> **AIM OF THE EXERCISE**
Here the job is to copy the data exactly and to exclude every image from it.

> **COLLECTED MATERIAL**
============
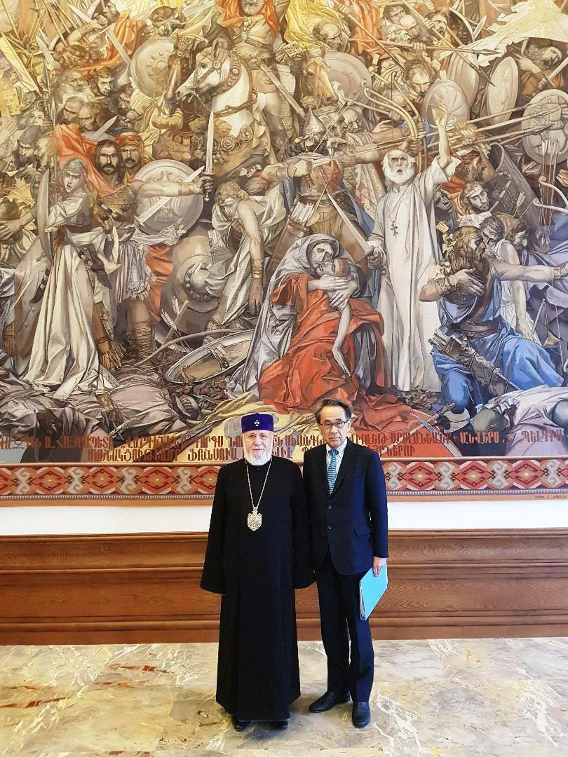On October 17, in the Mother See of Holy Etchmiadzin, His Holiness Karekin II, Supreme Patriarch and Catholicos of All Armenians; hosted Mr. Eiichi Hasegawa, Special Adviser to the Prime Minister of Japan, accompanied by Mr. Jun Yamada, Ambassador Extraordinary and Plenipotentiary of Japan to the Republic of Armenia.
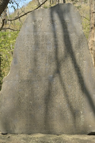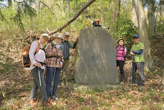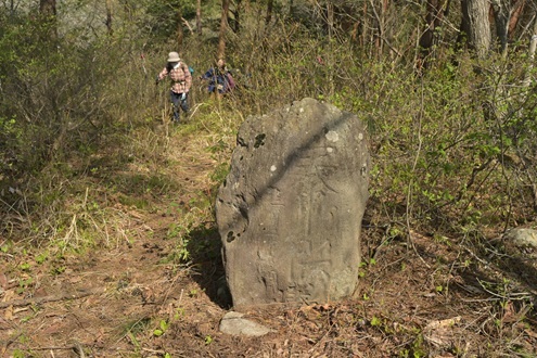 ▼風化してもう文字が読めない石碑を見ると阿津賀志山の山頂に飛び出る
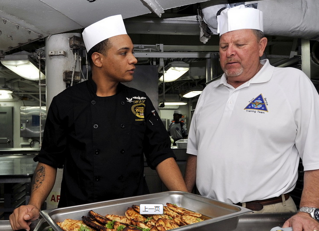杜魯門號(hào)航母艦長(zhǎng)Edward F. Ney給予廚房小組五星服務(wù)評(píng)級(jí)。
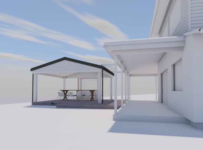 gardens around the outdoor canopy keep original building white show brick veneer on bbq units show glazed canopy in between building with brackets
============
> **FINISHED EXERCISE**
On October 17, in the Mother See of Holy Etchmiadzin, His Holiness Karekin II, Supreme Patriarch and Catholicos of All Armenians; hosted Mr. Eiichi Hasegawa, Special Adviser to the Prime Minister of Japan, accompanied by Mr. Jun Yamada, Ambassador Extraordinary and Plenipotentiary of Japan to the Republic of Armenia.
 ▼風化してもう文字が読めない石碑を見ると阿津賀志山の山頂に飛び出る
杜魯門號(hào)航母艦長(zhǎng)Edward F. Ney給予廚房小組五星服務(wù)評(píng)級(jí)。
 gardens around the outdoor canopy keep original building white show brick veneer on bbq units show glazed canopy in between building with brackets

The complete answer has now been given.